Tuesday, August 11, 2009


Francesca Caccini at the Medici Court: Music and the Circulation of Power
By Suzanne G. Cusick. Chicago and London: University of Chicago Press, July 2009. Cloth with CD: ISBN 9780226132129, $60. 488 pages.
Review by Reba Wissner, Brandeis University
Francesca Caccini was one of the most prolific female composers and performers of the seventeenth century, and recently, musicologists and interdisciplinarians have generated an extensive body of literature on the role of women in early modern Europe, mainly in Italy. Suzanne G. Cusick’s study of the composer eloquently situates itself within that realm. This, Cusick’s first book, has been long awaited. A scholar known for her enlightening and engaging articles on subjects such as feminist perspectives on early music and the use of music as torture in terrorist containment camps, it is high time for a book by this talented scholar. Additionally, hers is the first extended and in-depth study of one of the most influential female Italian musicians of the Baroque.

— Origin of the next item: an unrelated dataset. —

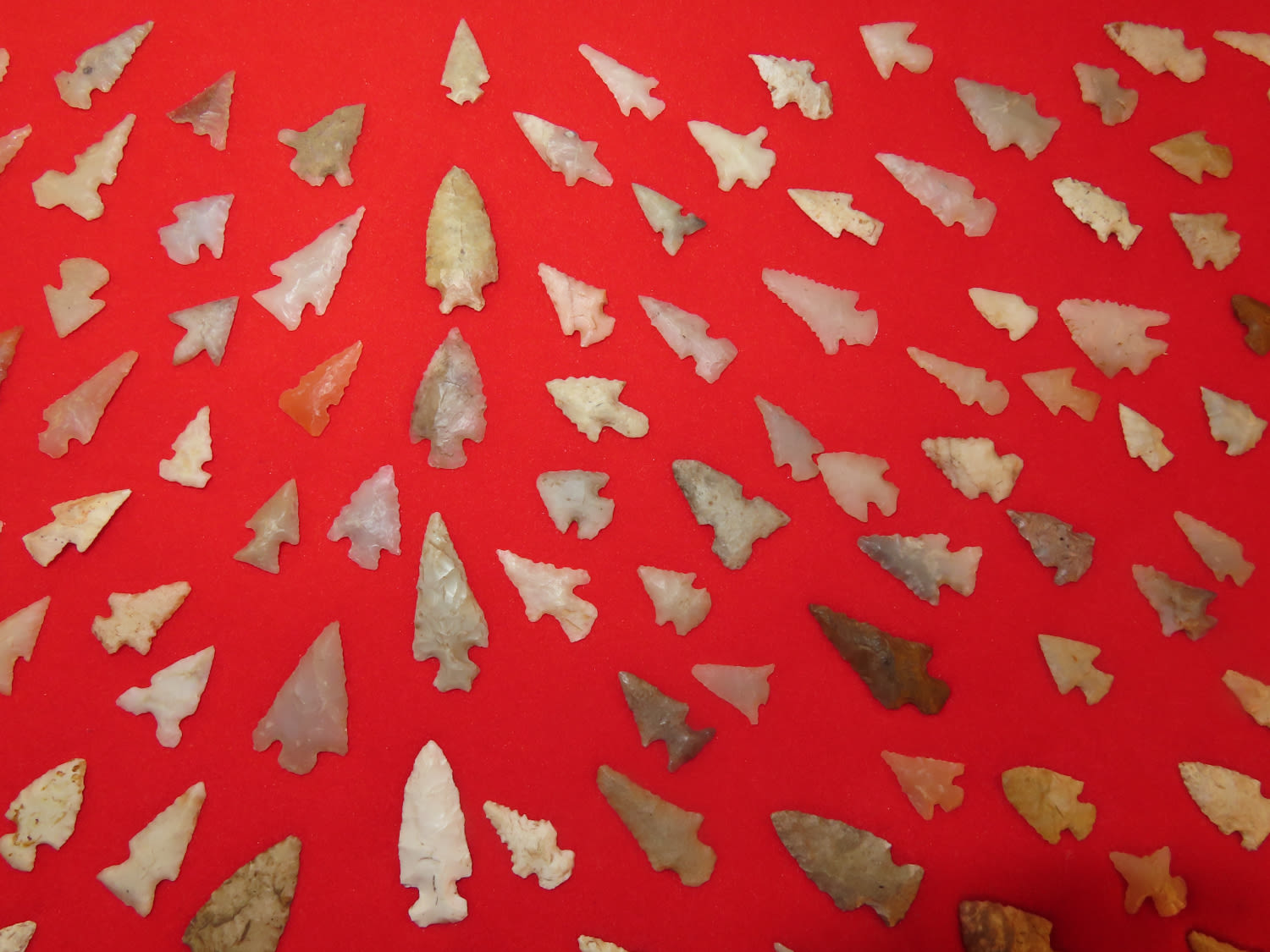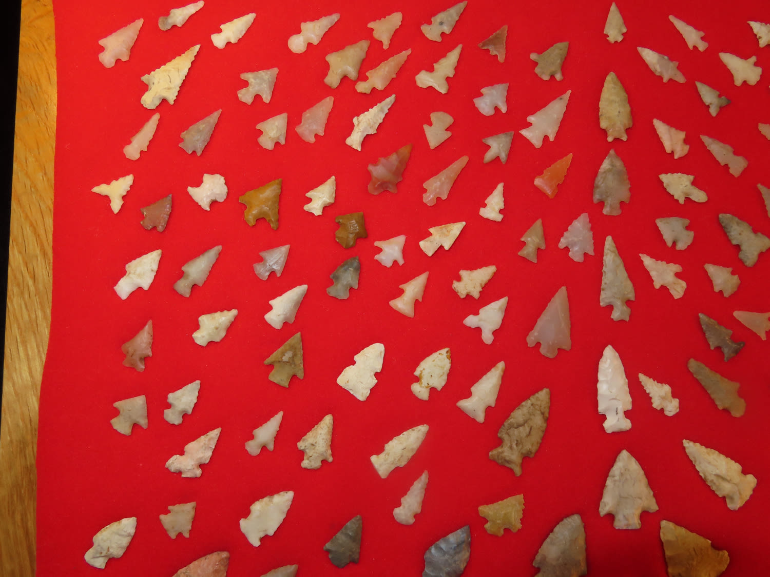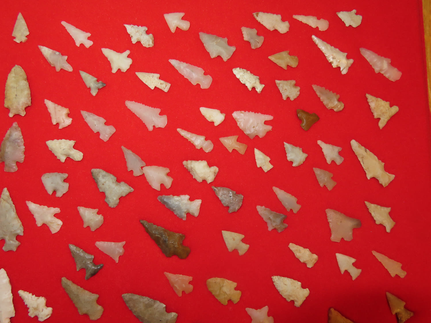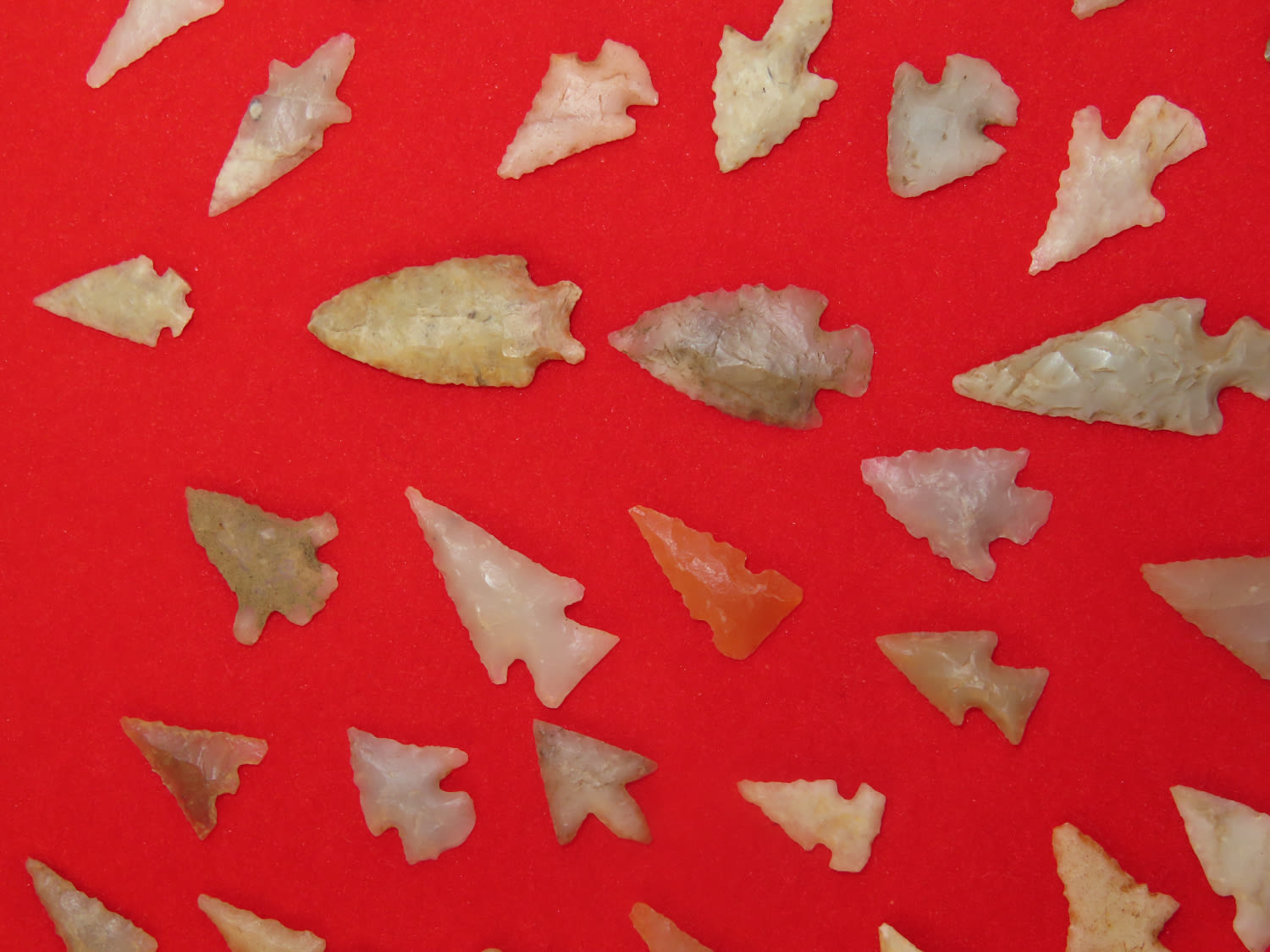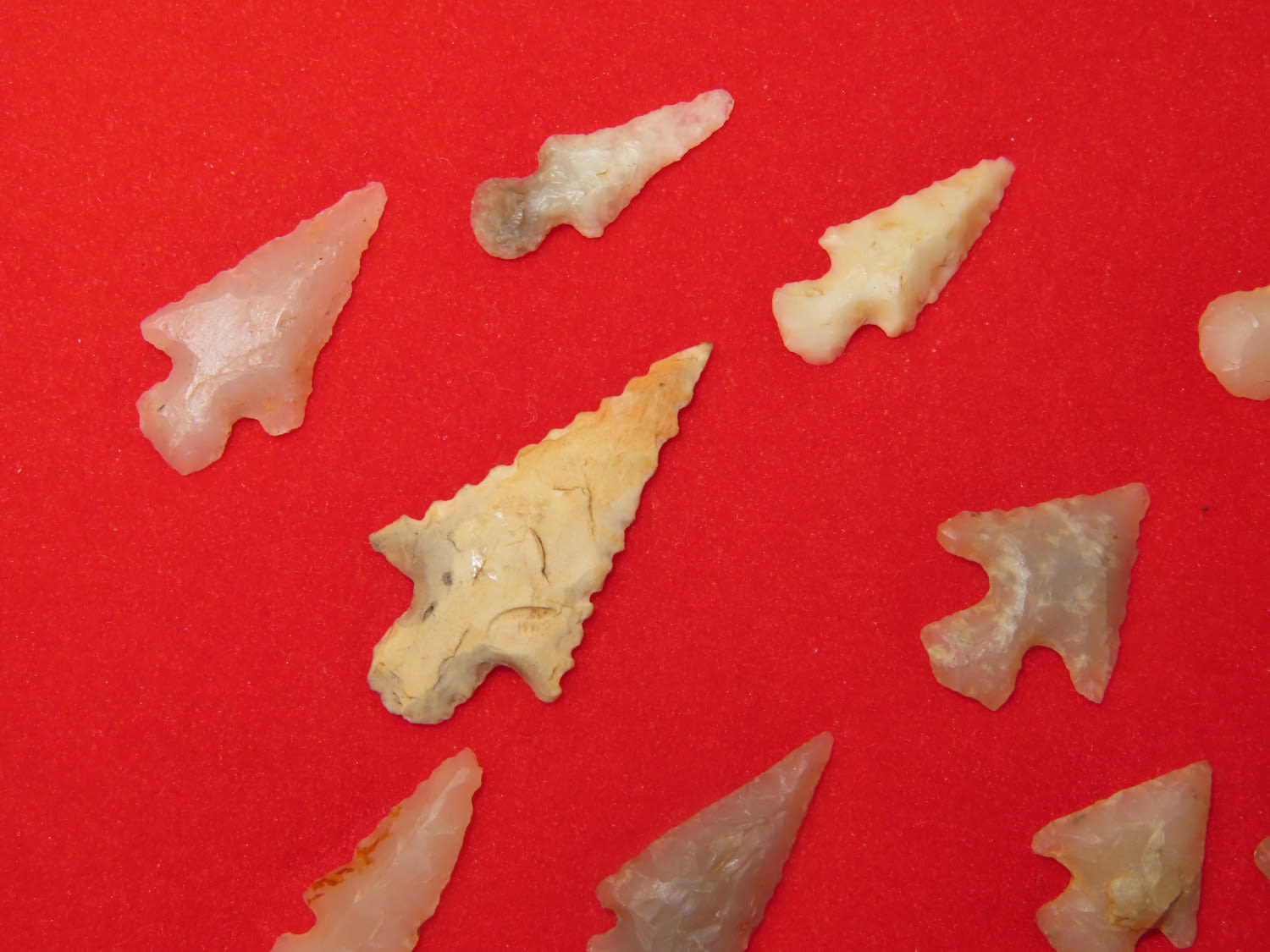 12″ x 18″ Frame of Arkansas Bird Points, several of Novaculite

Cusick deliberately avoids the technical language that pervades most musicological scholarship while still conveying her ideas and analysis of Caccini, her role as a female in a predominantly male world, and her compositions. The author’s copious research brings to light a new side of Caccini that has been neglected far too long; she is portrayed not just as the daughter of famed composer Giulio Caccini, but as a composer, performer, and teacher in her own right, no longer studied in the shadow of her father. Cusick’s study illuminates the life of Francesca Caccini, placing her life within the context of family dynamics, societal norms, and economic implications.

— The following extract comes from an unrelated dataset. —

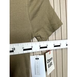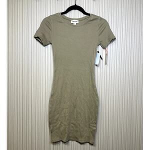Open Edit Short Sleeve Ribbed Bodycon Dress Tan Women's Size XXS
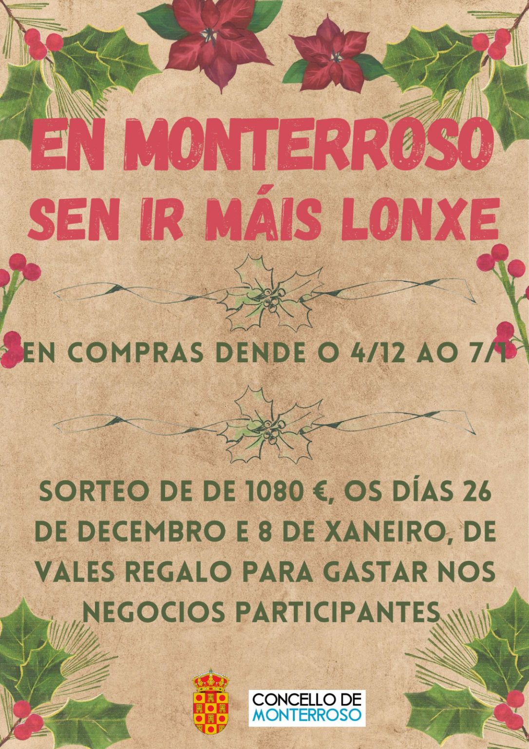 O Concello de Monterroso, en colaboración cun grupo de empresarios da vila, convoca e participa na organización do evento Campaña de Nadal ‘Comercio na rúa’, entre os días 4 de decembro e 8 de xaneiro, co obxectivo de incentivar e potenciar o consumo na vila.

The reader will immediately respect the clarity of Cusick’s prose, as well as her meticulous attention to detail. The book contains a CD to accompany and complement the study. There is plentiful incorporation of musical examples to demonstrate specific musico-textual instances in the music that are of the utmost value to those who can read music, but do not make understanding the book difficult for those who cannot. The book discusses and places into context the role of the professional musician, and Cusick frames her study with contemporaneous events in Florence during Caccini’s compositional activity. The book is organized into twelve chapters with three appendices including Francesca Caccini’s known performances and compositions. Cusick’s meticulousness has been extended into her careful transcriptions of Caccini’s extant letters, also found in an appendix.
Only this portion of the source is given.